In my own specialism (I haven’t a clue what happens in English or Modern Languages, let alone in Science), there are two basic types academic conference. The one squashes as many papers as it can into the time available: 15+ papers in a day, with as many participants speaking as many different languages as the organizers can muster, with hardly a moment for proper discussion – but if you’re lucky a good party, and generous quantities of alcohol at the beginning and end of proceedings.
The other is a more gentlemanly affair. A small group of experts round a table, just a handful of papers, and hours and hours of discussion, to which everyone is expected to contribute. As a rule of thumb, you consume less alcohol but learn a lot more, and have to work harder, at this sort of occasion.
The conference at Williamstown, hosted by the Research Institute attached to the Gallery, was emphatically of the second type. There were just ten of us and we had each submitted a written paper in advance. Some of these were weighty foot-noted affairs; mine, I must confess, was rather lighter. At the conference we were given just fifteen minutes to re-introduce what we had written; I was more obedient on this time-limit than some, I can boast. Then it was just discussion for two days -- fortified by copious amounts of healthy food, fruit-juice and mineral water.
The subject was the “Art of Spoliation”. It wasn’t actually quite as relevant to modern geo-politics as that title might imply.
Some of your emails have asked what this was all about. So here goes.
As art historians now use the term, “spoliation” is the re-use and re-incorporation of some earlier work of art in a later one. The idea goes back to the heart of the Roman world and the display of captured weapons and booty (spolia) in Rome.

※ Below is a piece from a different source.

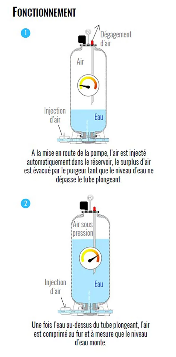 A la mise en route de la pompe, l’air est automatiquement injecté dans le réservoir (via le venturi ou le clapet de renouvellement d’air).
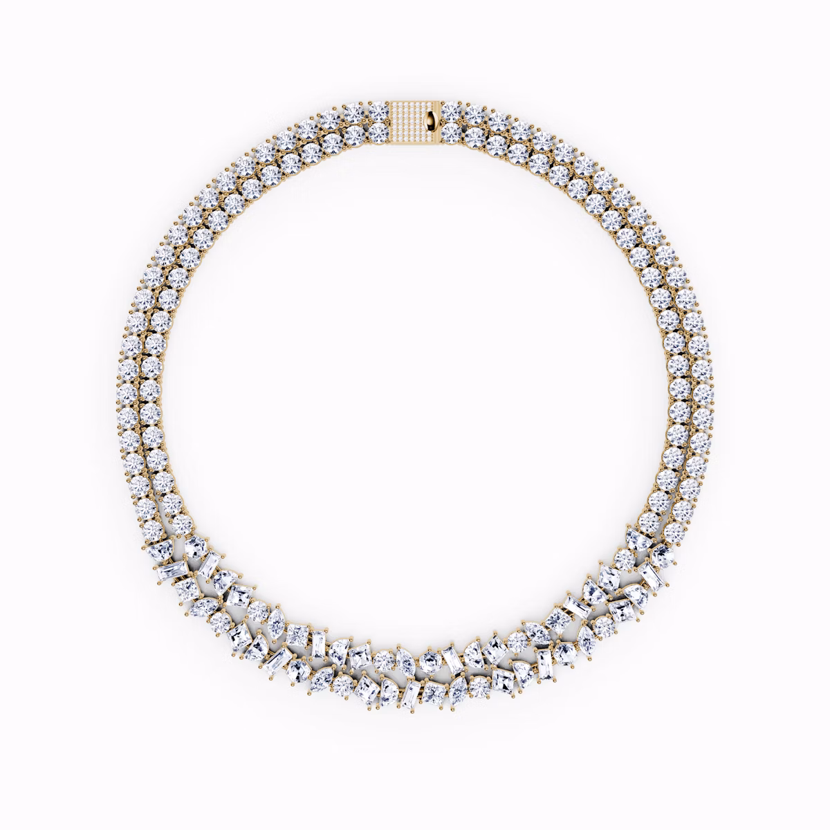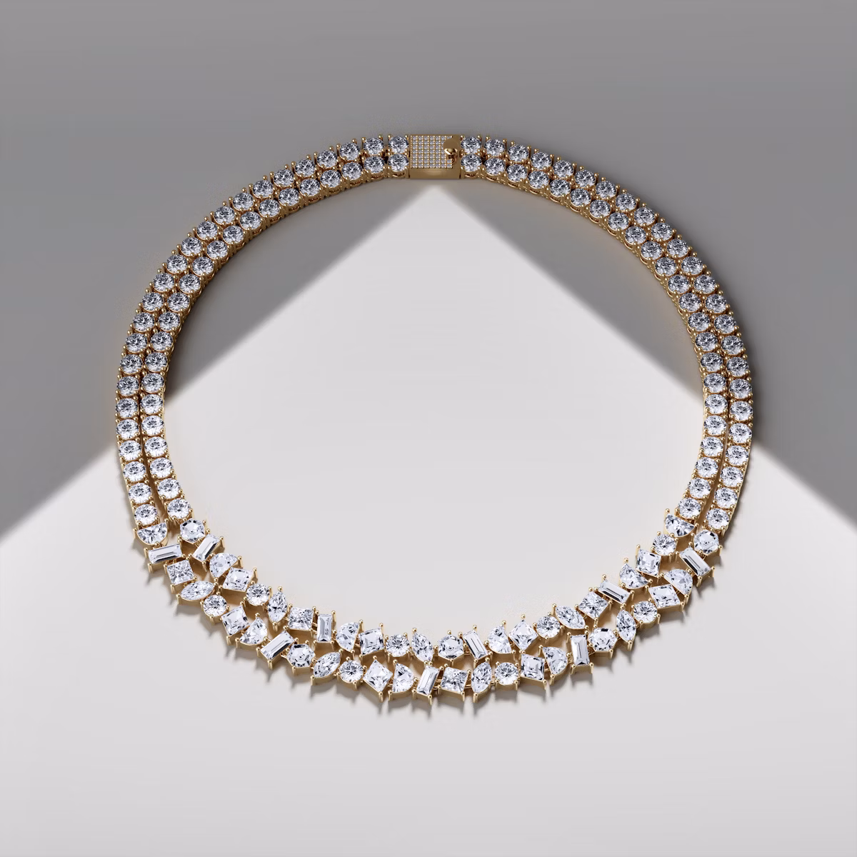 Changing the narrative of diamond creation and design. The Mixed Shape Double Strand Tennis Necklace, created for the 2024 Met Gala, combines VRAI created diamonds in 7 distinctive shapes for a look of opulence without compromise. Set in 14k solid gold with a matching box clasp closure, the double strands drape in perfect harmony for a statement-making effect.

But the key monument that set the whole academic ball rolling is the triumphal Arch of the emperor Constantine, built in Rome in the early fourth century AD, just after Constantine had defeated in battle his rivals for the throne, with the help it was said of the new Christian god. (I've shown it at the top of this post.)
It’s the arch that stands next to the Colosseum. And what most visitors probably don’t notice is that many of the sculptures that decorate it were not carved in the early fourth century, but rifled from earlier Roman monuments, put up by earlier Roman emperors, Trajan, Hadrian and Marcus Aurelius. (In this picture taken from the arch the roundels are Hadrianic, the relief below Constantinian.)
The question is: why?
One view is that it was an admission of cultural defeat. The sculptors of the fourth century had the sense to realize that they simply weren’t as good as their predecessors (just look at the bits they did do on the arch!) and so resorted to outright borrowing – re-carving, in the process, the features of the earlier rulers to make them look like Constantine.

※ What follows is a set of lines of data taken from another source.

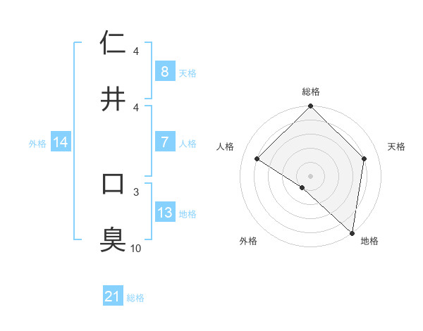 仁井 口臭さんの総格は21画の5点!
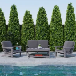 Flash Furniture 2 Pack Charlestown All-Weather Poly Resin Wood Adirondack Chairs With Side Table
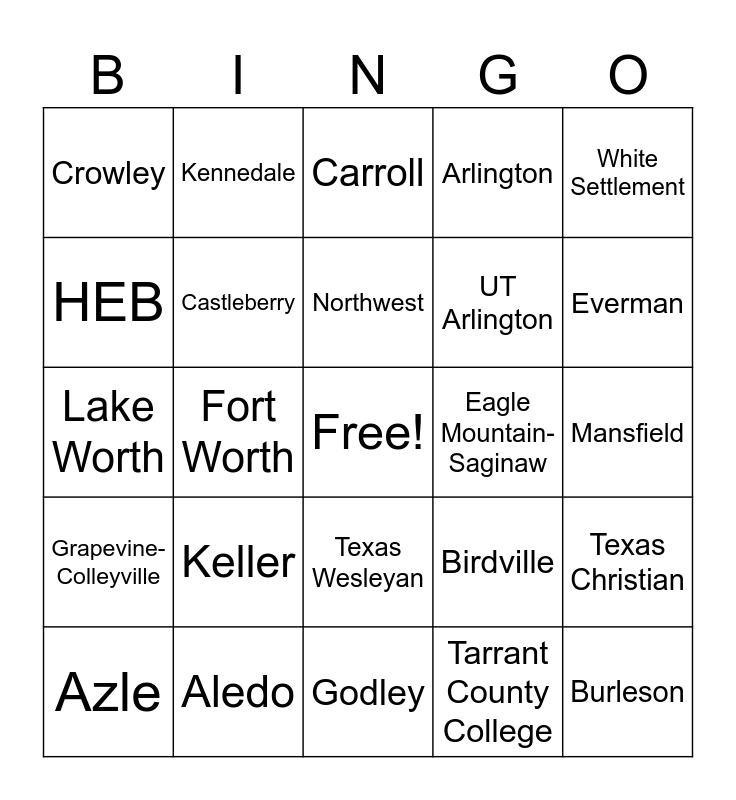 This bingo card has a free space and 24 words: Keller, Aledo, Northwest, Azle, White Settlement, Crowley, HEB, Kennedale, Eagle Mountain-Saginaw, Texas Wesleyan, UT Arlington, Lake Worth, Birdville, Texas Christian, Castleberry, Tarrant County College, Mansfield, Carroll, Everman, Fort Worth, Burleson, Grapevine-Colleyville, Arlington and Godley.

The other main view is that the whole thing was deeply ideological. Constantine – or his artists – didn’t just go randomly to whatever monuments could easily be despoiled. They specially chose sculptures from the great tradition of “good” Roman emperors, so as to underline the fact that Constantine was following in their footsteps. It wasn’t artistic deficiency, in other words, but clever PR.
There, in a nutshell, is what we talked about for two days. But we didn’t stop with the ancient world. The same issues came up with works of art of much later periods. I was particularly intrigued by a marvellous gold medieval crucifix, with the head of Christ made out of a blue lapis lazuli head of (probably) the empress Livia.
But what really got us academics talking was an advert for body lotion from the New York Times, which dispayed an elegant modern model in the same pose as Ingres’ Odalisque. Was this spoliation in a contemporary guise? Was it honouring Ingres’ original? Or neutralizing it? Were advertising images the site of the most ambitious modern artistic practices?
Constantine would have turned in his grave.